Mono Lake Newsletter

Eastern Sierra Riparian Songbird Conservation Project

Using songbirds as a tool to assess the health of Mono Basin riparian systems

By Sacha Heath

Riparian habitats in the Mono Basin are diverse, both in vegetative structure and plant species composition. These habitats include canopied forests of aspen, lodgepole pine, and black cottonwood with an understory of snow berry and mugwort; newly established stands of scrub willow, wild rose and cottonwood saplings; and remnant groves of cottonwood gallery mixed with decayed snags. Mono Basin creeks are a small but important component of California’s remaining riparian habitat—5–15% of its original size. These habitats are critical—not only for the plants, insects, humans, and the health of Mono Lake itself, but also for the songbird species that depend on them for breeding, migration, and over-wintering.

Riparian habitat has long been identified as one of California’s most critical habitats for neotropical migrant and resident songbirds. Joseph Grinnell and Alden Miller documented this in the 1920s by mapping the distribution of California songbirds. David Gaines continued their work in the 1970s and alerted the conservation community to the disappearance of many riparian breeding songbirds in the Central Valley.

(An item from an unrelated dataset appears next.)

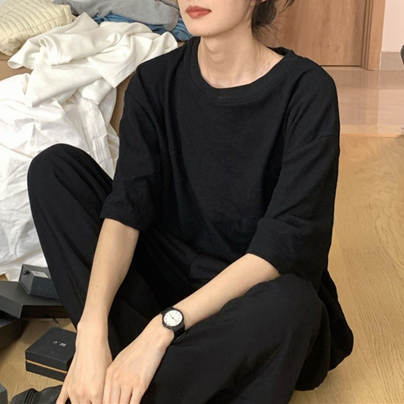 와플 반팔 라운드 넥 백 백 백 칼라 여름 탑 소녀 커플 티셔츠 게으른 스타일 느슨한 올 매치 여성 의류

Recently, continent-wide collaborations have been formed among government agencies, non-profit organizations, and private groups to address the issue of habitat loss and the subsequent decline of songbirds. One such effort, California Partners in Flight, identified habitat loss as the major cause of songbird declines, and riparian habitat as the most endangered among these. As a result, the Riparian Habitat Joint Venture was established with the mission to “promote conservation and restoration of riparian habitat sufficient to support the long-term viability and recovery of native bird populations and associated species.”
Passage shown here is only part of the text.